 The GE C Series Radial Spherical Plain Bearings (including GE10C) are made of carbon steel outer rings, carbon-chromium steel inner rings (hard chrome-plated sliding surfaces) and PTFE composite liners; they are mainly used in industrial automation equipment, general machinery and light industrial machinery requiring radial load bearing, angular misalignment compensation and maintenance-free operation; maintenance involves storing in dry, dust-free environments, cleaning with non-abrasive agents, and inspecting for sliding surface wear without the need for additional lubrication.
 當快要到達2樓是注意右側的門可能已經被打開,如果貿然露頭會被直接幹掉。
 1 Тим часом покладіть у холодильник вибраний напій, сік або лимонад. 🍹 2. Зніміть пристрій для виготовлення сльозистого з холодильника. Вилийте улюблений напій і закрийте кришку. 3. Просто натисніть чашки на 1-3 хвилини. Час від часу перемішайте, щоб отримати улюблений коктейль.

══════

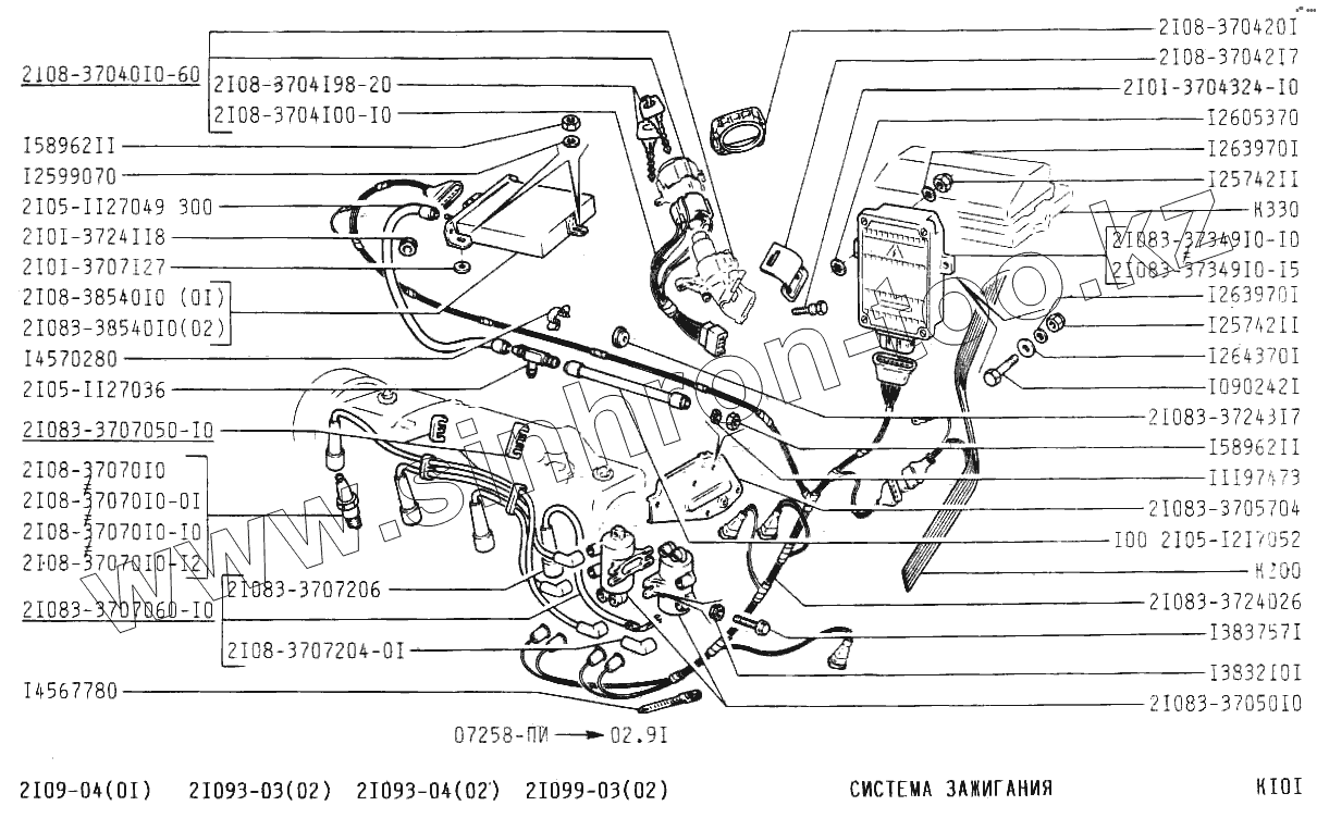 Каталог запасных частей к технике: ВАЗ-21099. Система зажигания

══════

About this exercise => Would you please copy, word for word, everything above from the line containing "The GE C Series" down to the line containing "1 Тим часом", those two lines included?

Task solution =>
 The GE C Series Radial Spherical Plain Bearings (including GE10C) are made of carbon steel outer rings, carbon-chromium steel inner rings (hard chrome-plated sliding surfaces) and PTFE composite liners; they are mainly used in industrial automation equipment, general machinery and light industrial machinery requiring radial load bearing, angular misalignment compensation and maintenance-free operation; maintenance involves storing in dry, dust-free environments, cleaning with non-abrasive agents, and inspecting for sliding surface wear without the need for additional lubrication.
 當快要到達2樓是注意右側的門可能已經被打開,如果貿然露頭會被直接幹掉。
 1 Тим часом покладіть у холодильник вибраний напій, сік або лимонад. 🍹 2. Зніміть пристрій для виготовлення сльозистого з холодильника. Вилийте улюблений напій і закрийте кришку. 3. Просто натисніть чашки на 1-3 хвилини. Час від часу перемішайте, щоб отримати улюблений коктейль.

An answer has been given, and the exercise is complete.